ASSIGNMENT
Images aside, return all the entries exactly.

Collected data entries
○ ○ ○ ○ ○

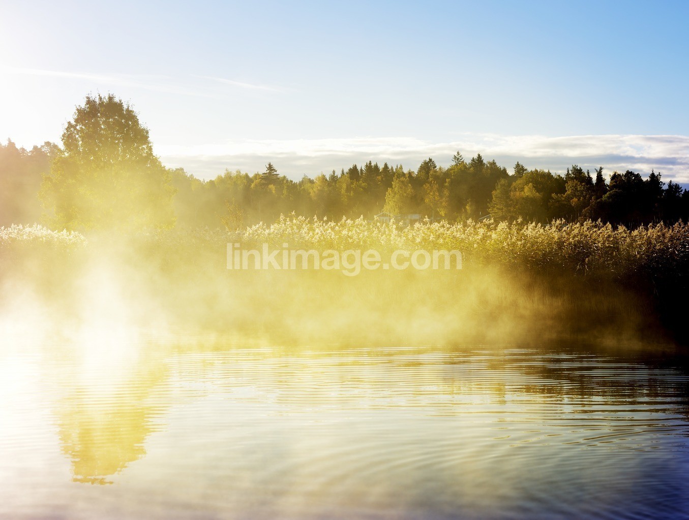 nature, morning, fog, water, sea, sky, reflections, backlight, forest, edge of, mirror
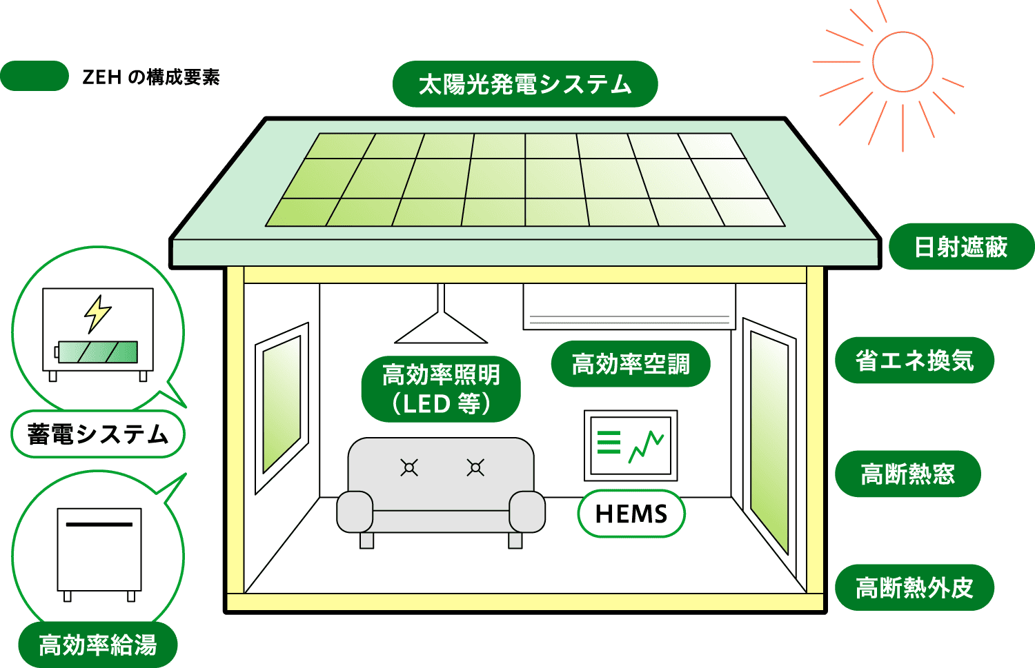 「ZEH(ゼッチ)」とは、Net Zero Energy House(ネット・ゼロ・エネルギー・ハウス)の略語で、「エネルギー収支をゼロ以下にする家」の総称になります。
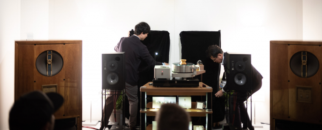 A japonesa Kondo é um paradigma de excelência artesanal, focada em elementos de pré e amplificação à válvula, clássicos ou modernizados, mas de altíssimo desempenho e custos correspondentes. Montaram uma sala usando caixas Jensen G-610C, dos anos 50, ou monitores Graham BBC LS 5/9. Também demonstravam ao vivo os tratamentos acústicos feitos em madeira por Nihon Onkyo Engineering (não é a Onkyo dos receivers). O pessoal colocava e retirava panos pretos sobre os difusores Acoustic Grove, um par em cada uma das 3 dimensões da sala, com o mesmo disco tocando. O público podia perceber as melhorias em tempo real. Muito bacana essa demonstração. O jazz big band estava um dos melhores sons do show, macio e quente, mas super detalhado em todas as frequências – não dava vontade de ir embora. Era toca-discos Kondo Ginga, braço SME V12, cápsula Audio Note IO-XP, phono GE-7i, pré G-700i e monoblocos Kagura 2i de 50W com válvulas 211. Não levaram som digital.
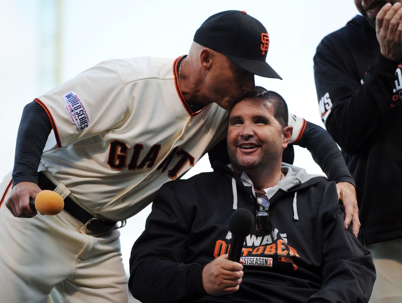 Third-base coach Tim Flannery plants a kiss on the head of Bryan Stow, the Giants fan left partially paralyzed after being brutally beaten outside Dodger Stadium on Opening Day of the 2011 season.
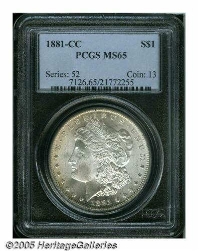 <B>1881-CC<S$1> MS65 PCGS.</B></I> Light gold color visits the left borders of this highly lustrous and well struck Gem. A low mintage Carson City issue, not often encountered with such exceptional eye appeal.
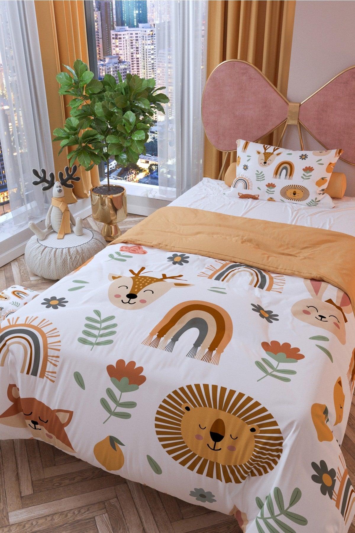 Rainbow And Animals Double Sided Kids Duvet Cover Set Polycotton
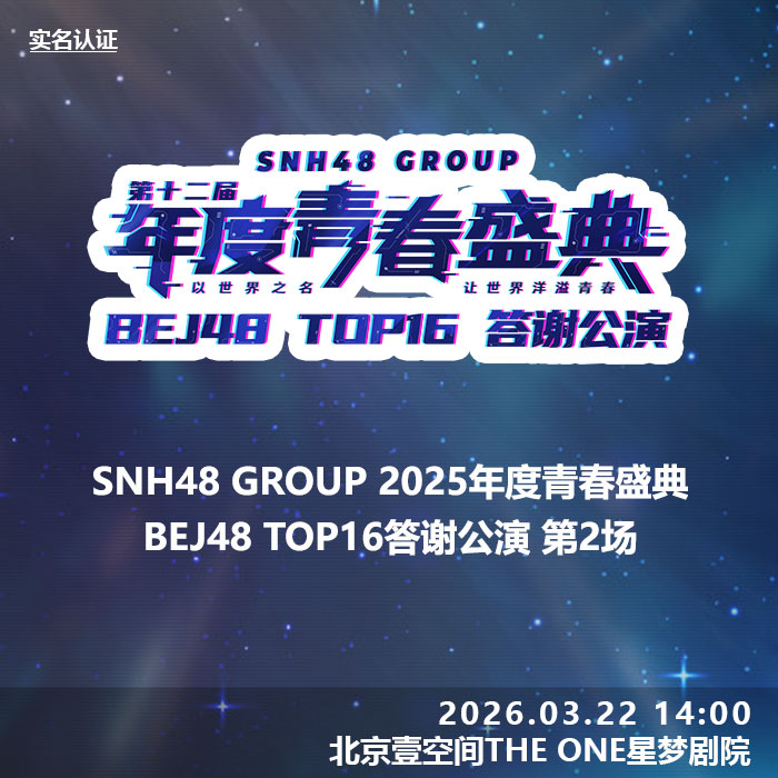 3月22日BEJ48联合剧场公演时间为14:00,SNH48 GROUP 2025年度青春盛典 BEJ48 TOP16答谢公演第2场 实名认证检票 本场公演将进行网络直播。本场支持门票退票退款服务规则。
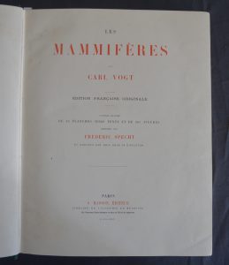 Paris, Masson 1884. In folio plein percaline verte décorée, (Engel et Souze),xxvii, 548 pp. Edition originale française illustrée de 40 planches hors texte et de 265 figures de Frédéric Specht. Très bel exemplaire.
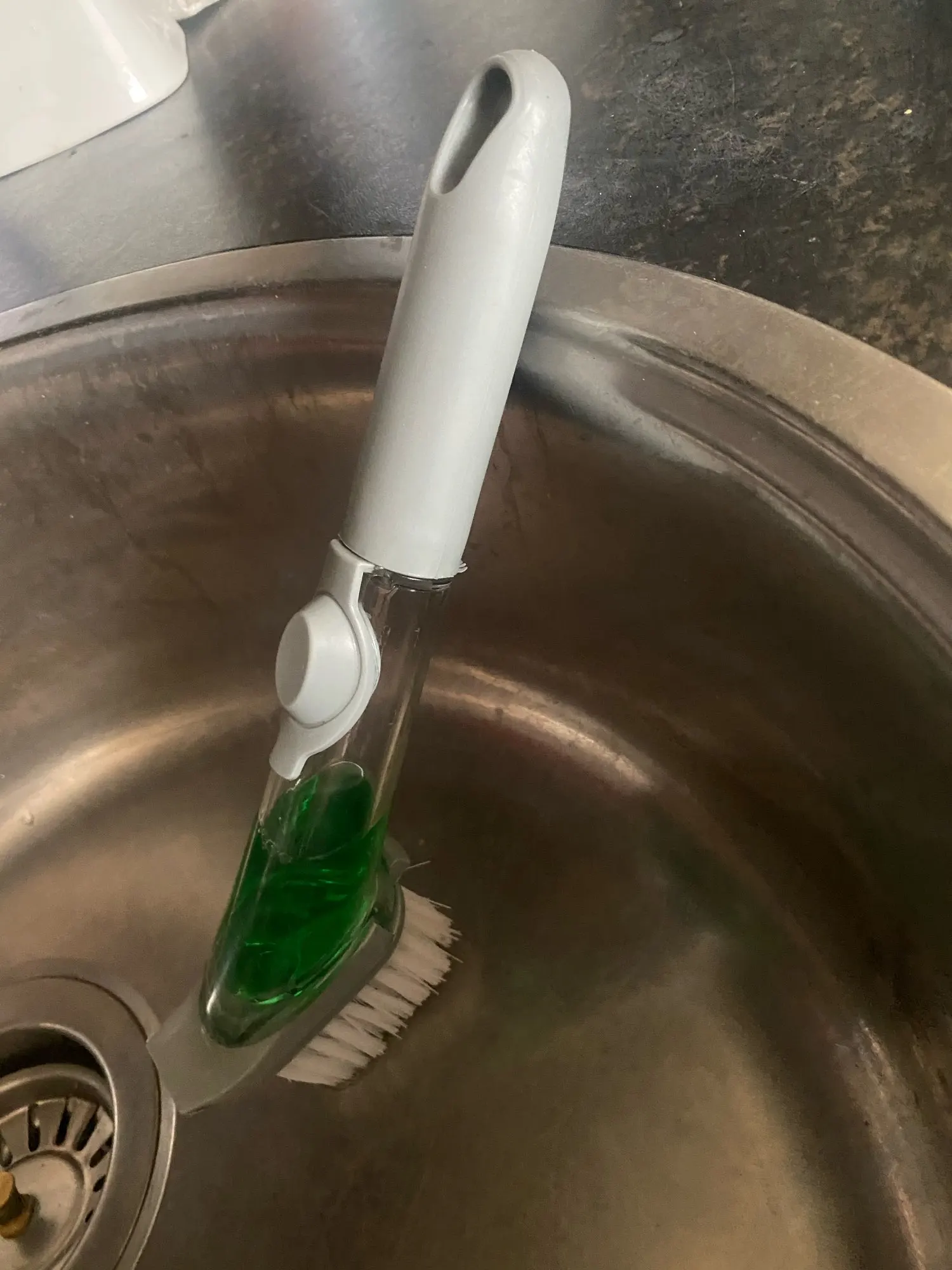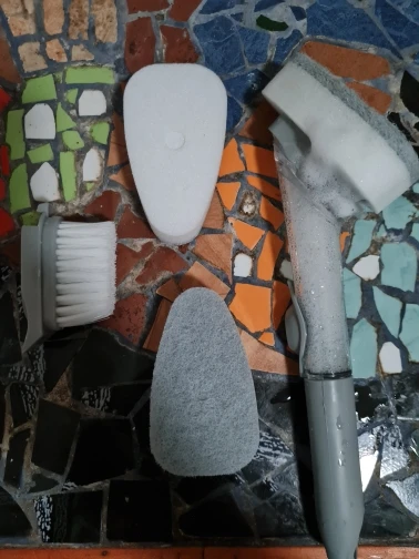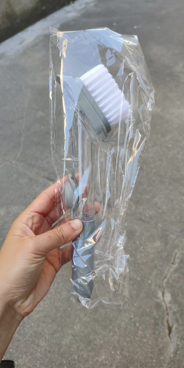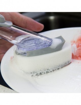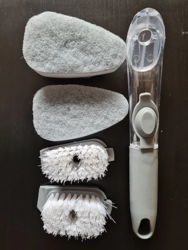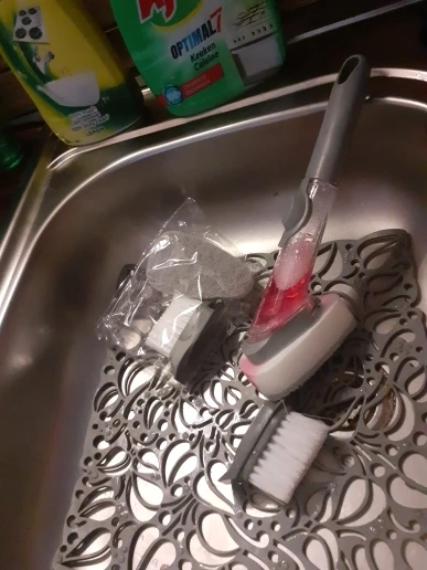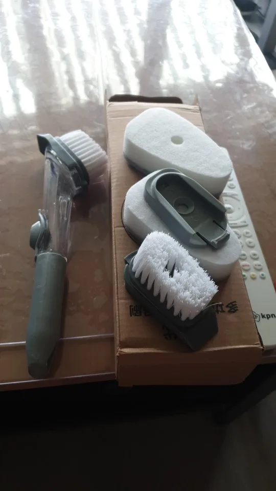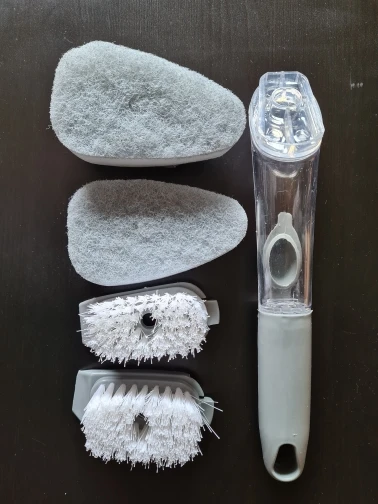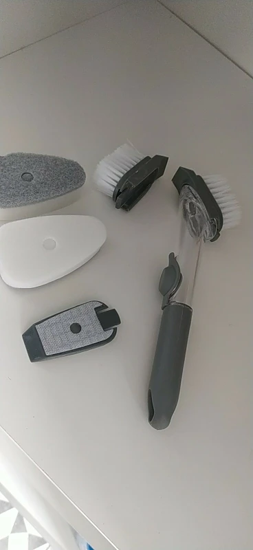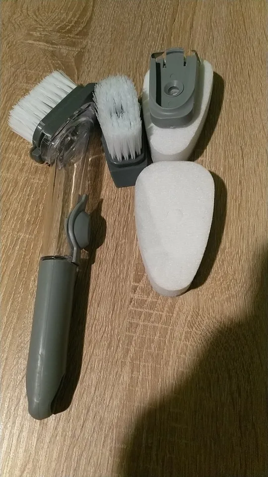 【Dozownik mydła 】 szczotka do szorowania kuchennego jest wyposażona w dozownik o dużej pojemności 50ML i dozuje mydło na żądanie za pomocą lekkiego naciśnięcia przycisku. Bez względu na to, jak umieszczony, silikonowy zawór może zapobiec wyciekaniu mydelniczka

○ ○ ○ ○ ○

RESULT BELOW
 nature, morning, fog, water, sea, sky, reflections, backlight, forest, edge of, mirror
 「ZEH(ゼッチ)」とは、Net Zero Energy House(ネット・ゼロ・エネルギー・ハウス)の略語で、「エネルギー収支をゼロ以下にする家」の総称になります。
 A japonesa Kondo é um paradigma de excelência artesanal, focada em elementos de pré e amplificação à válvula, clássicos ou modernizados, mas de altíssimo desempenho e custos correspondentes. Montaram uma sala usando caixas Jensen G-610C, dos anos 50, ou monitores Graham BBC LS 5/9. Também demonstravam ao vivo os tratamentos acústicos feitos em madeira por Nihon Onkyo Engineering (não é a Onkyo dos receivers). O pessoal colocava e retirava panos pretos sobre os difusores Acoustic Grove, um par em cada uma das 3 dimensões da sala, com o mesmo disco tocando. O público podia perceber as melhorias em tempo real. Muito bacana essa demonstração. O jazz big band estava um dos melhores sons do show, macio e quente, mas super detalhado em todas as frequências – não dava vontade de ir embora. Era toca-discos Kondo Ginga, braço SME V12, cápsula Audio Note IO-XP, phono GE-7i, pré G-700i e monoblocos Kagura 2i de 50W com válvulas 211. Não levaram som digital.
 Third-base coach Tim Flannery plants a kiss on the head of Bryan Stow, the Giants fan left partially paralyzed after being brutally beaten outside Dodger Stadium on Opening Day of the 2011 season.
 <B>1881-CC<S$1> MS65 PCGS.</B></I> Light gold color visits the left borders of this highly lustrous and well struck Gem. A low mintage Carson City issue, not often encountered with such exceptional eye appeal.
 Rainbow And Animals Double Sided Kids Duvet Cover Set Polycotton
 3月22日BEJ48联合剧场公演时间为14:00,SNH48 GROUP 2025年度青春盛典 BEJ48 TOP16答谢公演第2场 实名认证检票 本场公演将进行网络直播。本场支持门票退票退款服务规则。
 Paris, Masson 1884. In folio plein percaline verte décorée, (Engel et Souze),xxvii, 548 pp. Edition originale française illustrée de 40 planches hors texte et de 265 figures de Frédéric Specht. Très bel exemplaire.
 【Dozownik mydła 】 szczotka do szorowania kuchennego jest wyposażona w dozownik o dużej pojemności 50ML i dozuje mydło na żądanie za pomocą lekkiego naciśnięcia przycisku. Bez względu na to, jak umieszczony, silikonowy zawór może zapobiec wyciekaniu mydelniczka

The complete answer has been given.